Crate pretty_expressive

Crate pretty_expressive 

Source
Expand description

This crate is a Rust port of the pretty-expressive printer from Racket. It is an efficient pretty printer with an expressive language for describing documents. The algorithm is described in “A Pretty Expressive Printer”. The two official implementations, in Racket and OCaml, were both instrumental to being able to port the library to Rust.

§Overview

To use the pretty printer, you need to construct an “abstract document” (a Doc in this library). This document contains not just the text you want to format, but also instructions about the different ways that it is valid to format it. pretty-expressive provides a variety of functions and operators to help you construct these documents.

Let’s look at a small example:

let then_expr = text("'even");
let else_expr = text("'odd");
let cond_expr = text("(zero? (mod n 2))");

let one_line = cond_expr.clone() &
               space() &
               then_expr.clone() &
               space() &
               else_expr.clone();

let one_column = align(cond_expr.clone() &
                       nl() &
                       then_expr.clone() &
                       nl() &
                       else_expr.clone());

let if_expr = lparen() &
              text("if ") &
              (one_line | one_column) &
              rparen();

let doc = lparen() &
          text("defn even? (n)") &
          nest(2, nl() & if_expr & rparen());

It may look overwhelming at first, but if you can look past all the clone()s, it’s expressing something pretty simple. This document contains the code to define a small Lisp function to check if a number is even. To create the document:

  1. The three inputs to the if expression are created with text.
  2. We reuse those three documents to describe two different layouts for how those inputs could be formatted. One places all three on the same line, while the other aligns them vertically in a column. The & operator is used to concatenate the smaller documents together with punctuation into a larger document.
  3. The if expression combines the two layouts in one document using the | operator. This gives the printer a choice.
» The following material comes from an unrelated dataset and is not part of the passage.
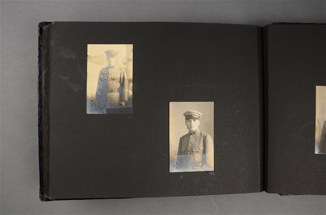 此為日治時期臺灣守備紀念冊內之相片,為一軍人身著制服,左下角有一鋼印,為「臺北」、「安武」字樣。

It has to choose one of these two layouts to render for this portion of the document. The printer will decide which is more optimal and use that one.
  4. Finally, the final document is built by combining the if expression with other documents to describe the layout of the entire function definition. nest is used to indent the body of the defn (i.e. the if expression) by 2 spaces.

Now that we’ve constructed the document, we can call doc.to_string() to render it to a String.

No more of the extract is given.